(Records contained in a dataset)
* * * * *

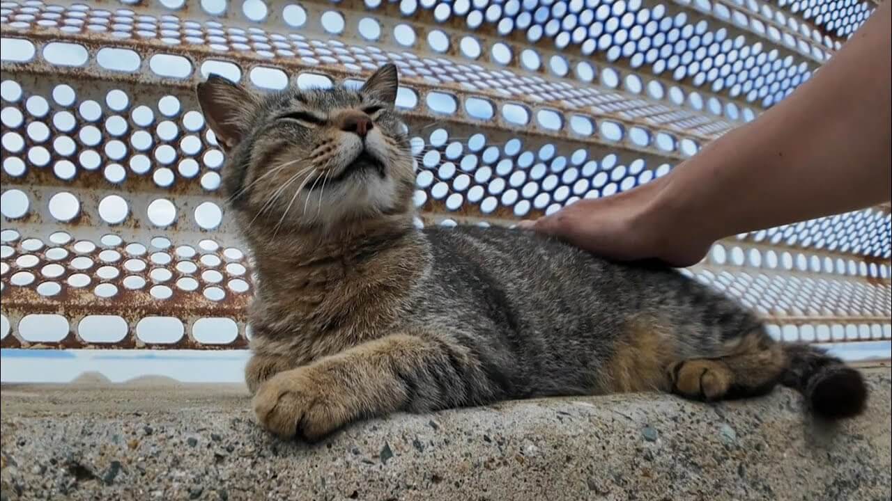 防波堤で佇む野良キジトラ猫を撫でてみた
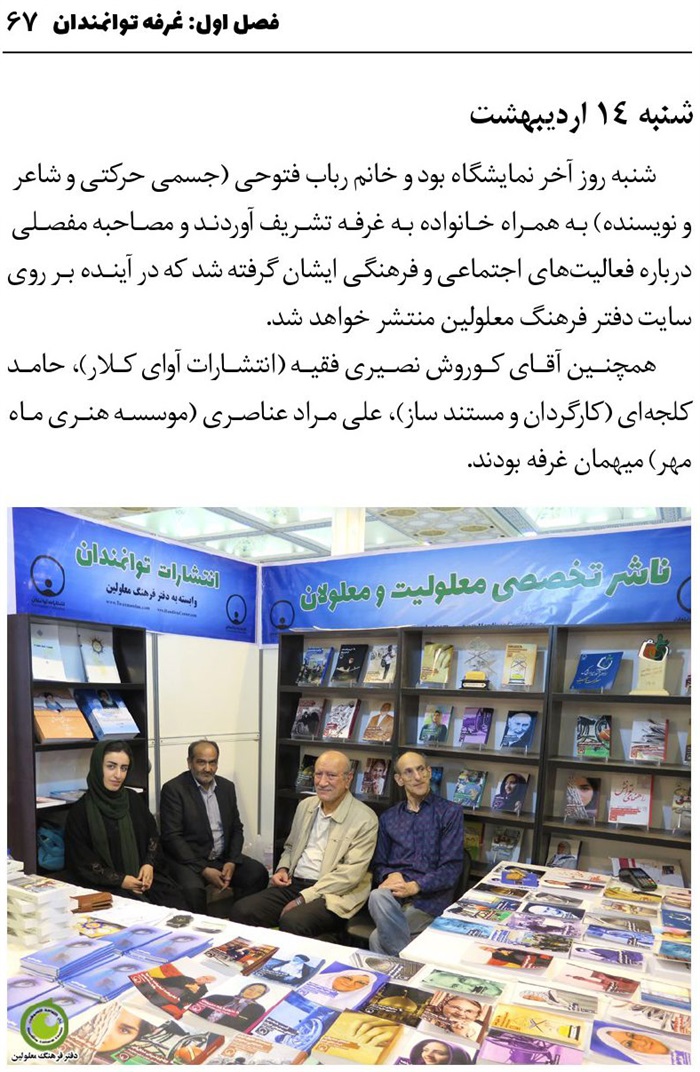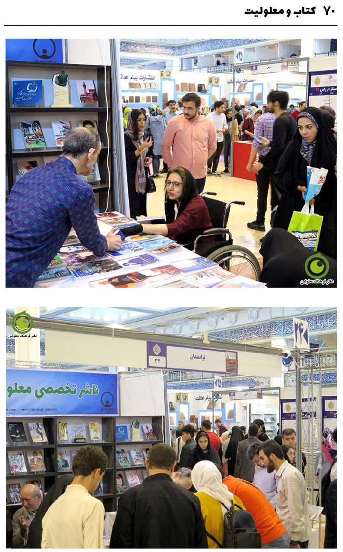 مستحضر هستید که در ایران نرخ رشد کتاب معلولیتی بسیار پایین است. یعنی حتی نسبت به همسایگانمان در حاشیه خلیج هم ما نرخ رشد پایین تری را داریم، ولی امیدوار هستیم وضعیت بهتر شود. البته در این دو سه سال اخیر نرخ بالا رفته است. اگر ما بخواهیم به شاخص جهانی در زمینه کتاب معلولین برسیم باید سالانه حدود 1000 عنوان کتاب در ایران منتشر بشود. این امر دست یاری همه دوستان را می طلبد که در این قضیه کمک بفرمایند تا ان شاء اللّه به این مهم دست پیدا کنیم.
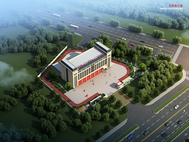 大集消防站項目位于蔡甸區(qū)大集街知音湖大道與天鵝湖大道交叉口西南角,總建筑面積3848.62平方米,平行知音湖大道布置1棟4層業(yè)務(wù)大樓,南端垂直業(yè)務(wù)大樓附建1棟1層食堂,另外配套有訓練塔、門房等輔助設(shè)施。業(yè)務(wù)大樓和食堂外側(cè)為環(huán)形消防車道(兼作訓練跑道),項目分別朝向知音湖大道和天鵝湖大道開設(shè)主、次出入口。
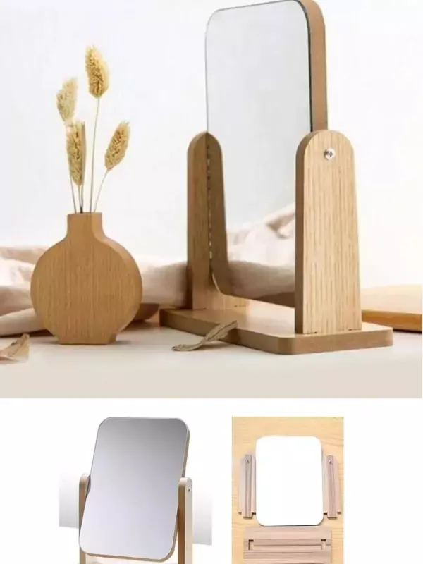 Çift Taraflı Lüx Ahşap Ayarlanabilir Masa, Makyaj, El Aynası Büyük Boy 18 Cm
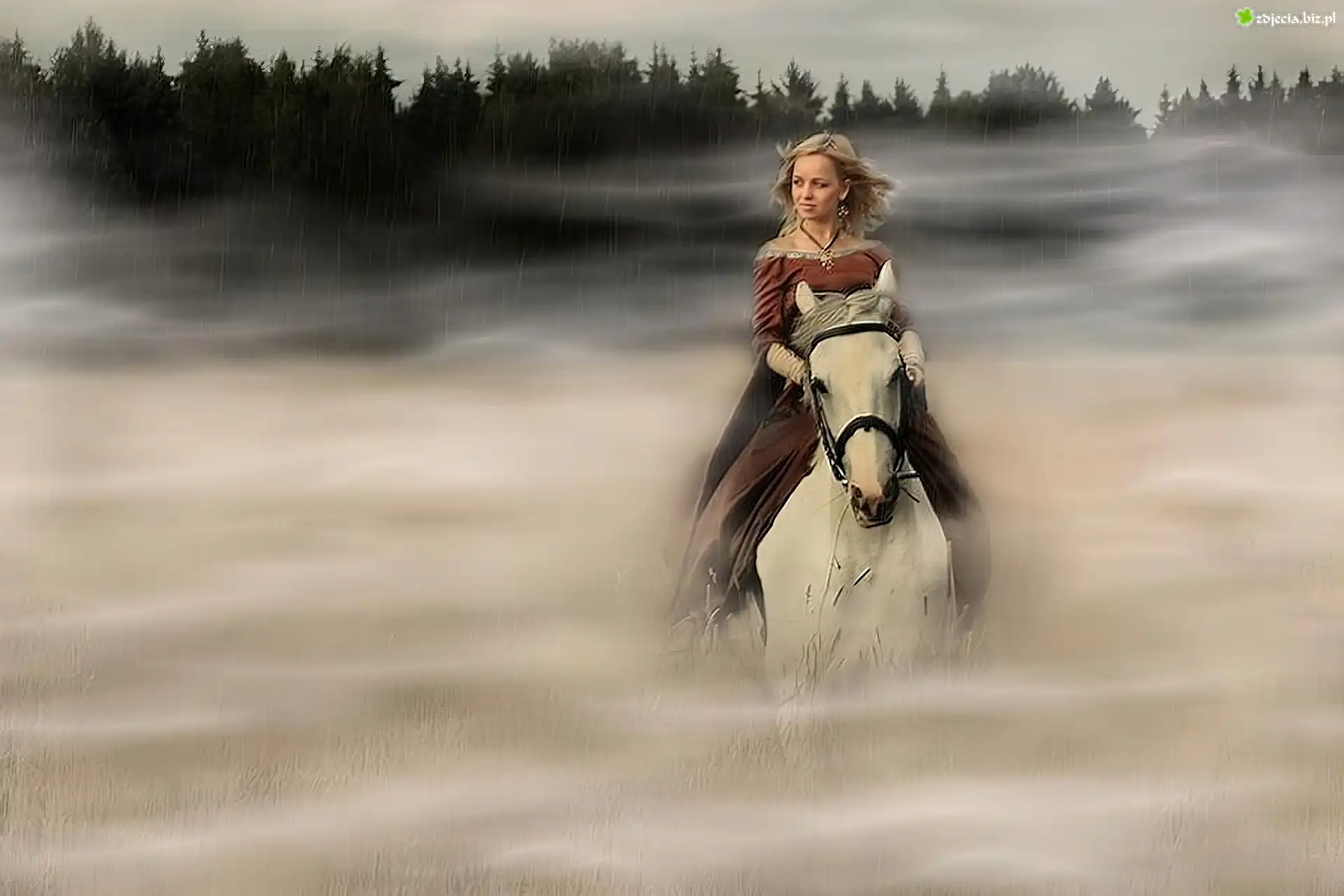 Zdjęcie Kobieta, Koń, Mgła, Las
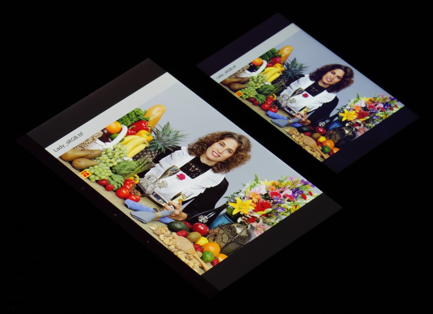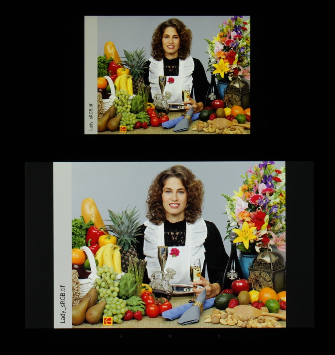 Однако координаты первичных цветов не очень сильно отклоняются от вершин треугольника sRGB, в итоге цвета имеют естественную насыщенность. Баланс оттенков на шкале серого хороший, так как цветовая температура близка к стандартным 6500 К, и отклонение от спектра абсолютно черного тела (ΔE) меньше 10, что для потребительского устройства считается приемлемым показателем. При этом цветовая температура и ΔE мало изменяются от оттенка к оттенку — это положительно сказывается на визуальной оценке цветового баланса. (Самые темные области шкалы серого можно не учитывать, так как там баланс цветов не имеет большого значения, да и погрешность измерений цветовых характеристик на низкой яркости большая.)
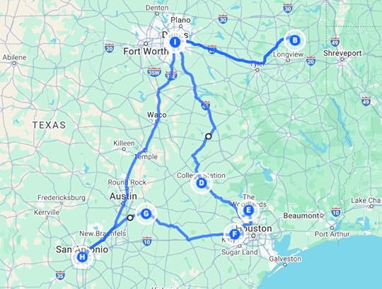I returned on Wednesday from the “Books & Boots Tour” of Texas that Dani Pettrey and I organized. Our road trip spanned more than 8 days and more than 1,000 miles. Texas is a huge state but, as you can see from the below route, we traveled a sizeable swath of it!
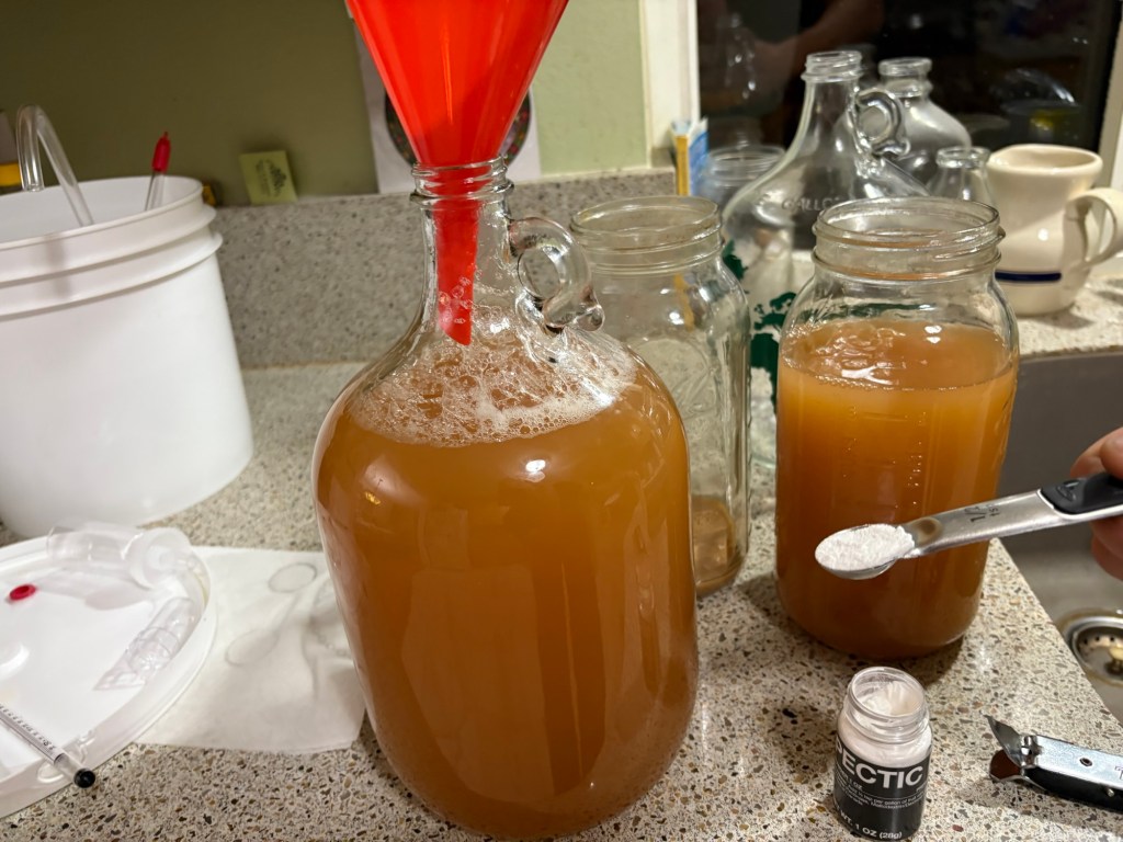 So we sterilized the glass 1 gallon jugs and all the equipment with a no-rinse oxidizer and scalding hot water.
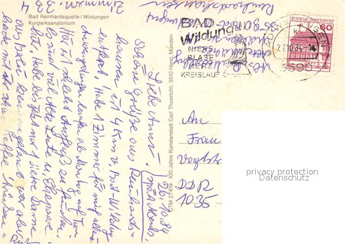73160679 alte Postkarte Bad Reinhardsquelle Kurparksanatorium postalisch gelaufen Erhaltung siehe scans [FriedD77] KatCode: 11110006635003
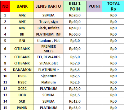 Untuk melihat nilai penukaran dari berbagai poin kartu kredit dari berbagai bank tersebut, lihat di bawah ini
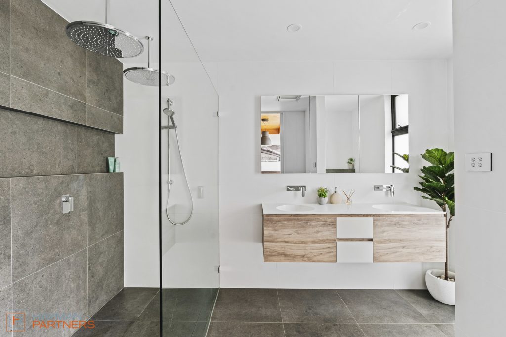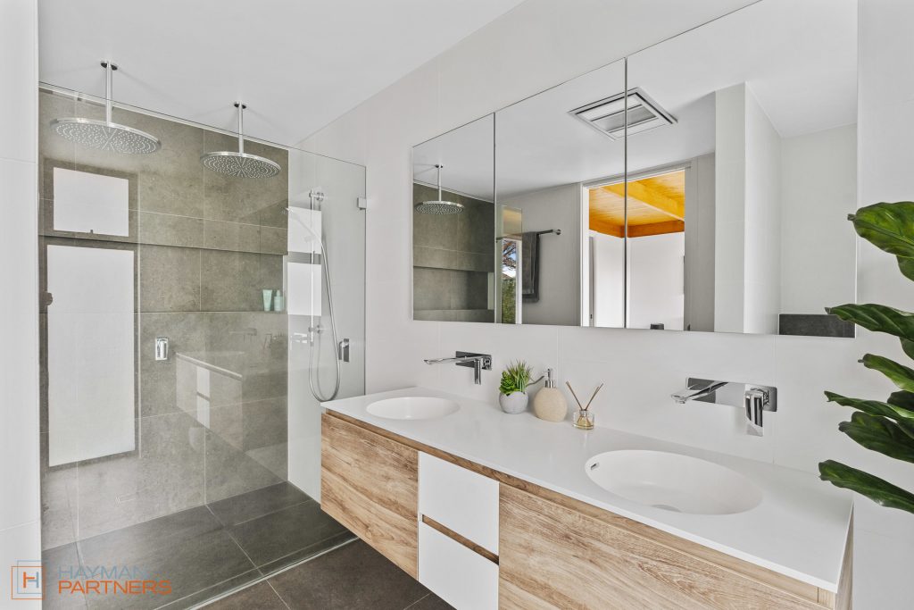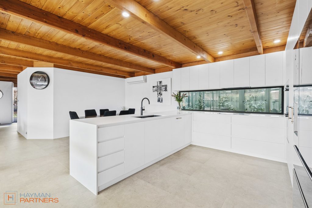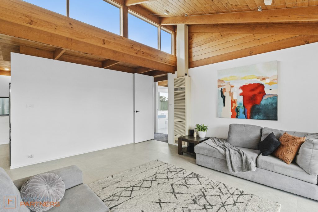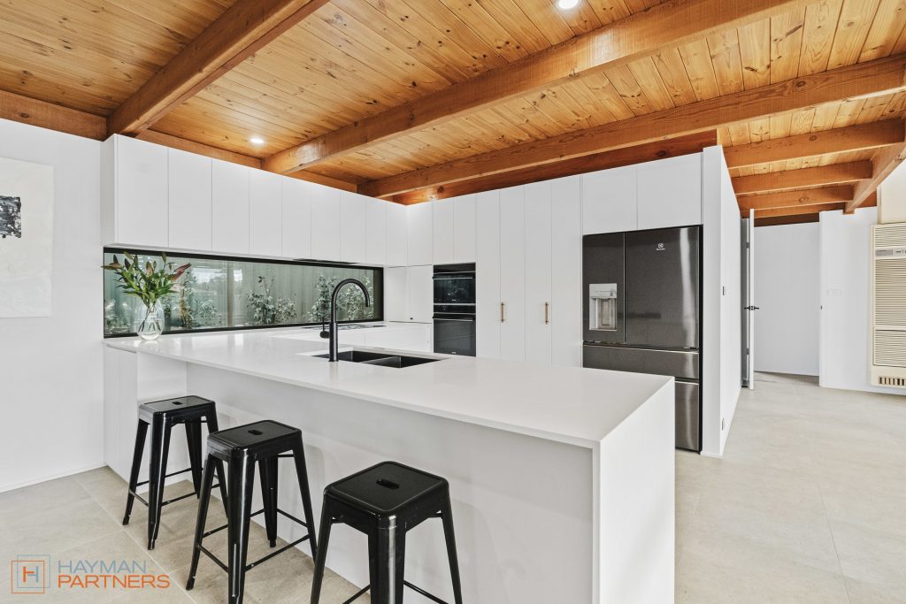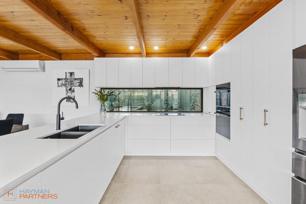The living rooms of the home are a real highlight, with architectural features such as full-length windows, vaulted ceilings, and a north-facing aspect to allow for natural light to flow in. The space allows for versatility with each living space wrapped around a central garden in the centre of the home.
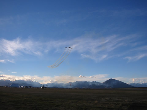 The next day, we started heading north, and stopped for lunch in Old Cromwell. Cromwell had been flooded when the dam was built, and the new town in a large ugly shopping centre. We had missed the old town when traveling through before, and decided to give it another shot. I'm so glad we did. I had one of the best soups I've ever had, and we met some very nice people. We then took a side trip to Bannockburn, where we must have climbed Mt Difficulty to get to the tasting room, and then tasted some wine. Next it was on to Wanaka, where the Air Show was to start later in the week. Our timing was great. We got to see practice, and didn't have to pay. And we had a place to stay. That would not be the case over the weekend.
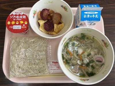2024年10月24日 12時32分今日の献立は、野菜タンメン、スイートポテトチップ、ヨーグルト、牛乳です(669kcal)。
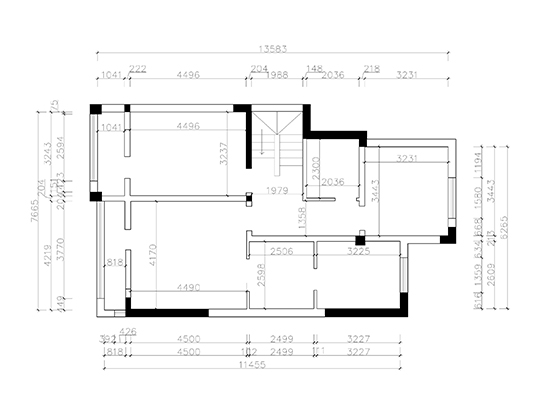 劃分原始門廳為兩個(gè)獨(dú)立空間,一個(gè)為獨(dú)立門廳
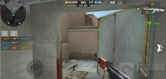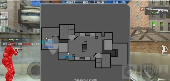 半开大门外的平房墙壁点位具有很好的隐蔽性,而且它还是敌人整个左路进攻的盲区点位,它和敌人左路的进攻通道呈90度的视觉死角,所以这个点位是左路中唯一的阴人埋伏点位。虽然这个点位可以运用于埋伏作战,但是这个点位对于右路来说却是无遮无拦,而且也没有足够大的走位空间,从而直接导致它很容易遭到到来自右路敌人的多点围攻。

* * * * *

Work instruction >> The answer must be the lines of the entries above, written out exactly from the first through the one with "Zdjęcie Kobieta, Koń, Mgła, Las", and no pictures.

Exercise output >>
 防波堤で佇む野良キジトラ猫を撫でてみた
 مستحضر هستید که در ایران نرخ رشد کتاب معلولیتی بسیار پایین است. یعنی حتی نسبت به همسایگانمان در حاشیه خلیج هم ما نرخ رشد پایین تری را داریم، ولی امیدوار هستیم وضعیت بهتر شود. البته در این دو سه سال اخیر نرخ بالا رفته است. اگر ما بخواهیم به شاخص جهانی در زمینه کتاب معلولین برسیم باید سالانه حدود 1000 عنوان کتاب در ایران منتشر بشود. این امر دست یاری همه دوستان را می طلبد که در این قضیه کمک بفرمایند تا ان شاء اللّه به این مهم دست پیدا کنیم.
 大集消防站項目位于蔡甸區(qū)大集街知音湖大道與天鵝湖大道交叉口西南角,總建筑面積3848.62平方米,平行知音湖大道布置1棟4層業(yè)務(wù)大樓,南端垂直業(yè)務(wù)大樓附建1棟1層食堂,另外配套有訓練塔、門房等輔助設(shè)施。業(yè)務(wù)大樓和食堂外側(cè)為環(huán)形消防車道(兼作訓練跑道),項目分別朝向知音湖大道和天鵝湖大道開設(shè)主、次出入口。
 Çift Taraflı Lüx Ahşap Ayarlanabilir Masa, Makyaj, El Aynası Büyük Boy 18 Cm
 Zdjęcie Kobieta, Koń, Mgła, Las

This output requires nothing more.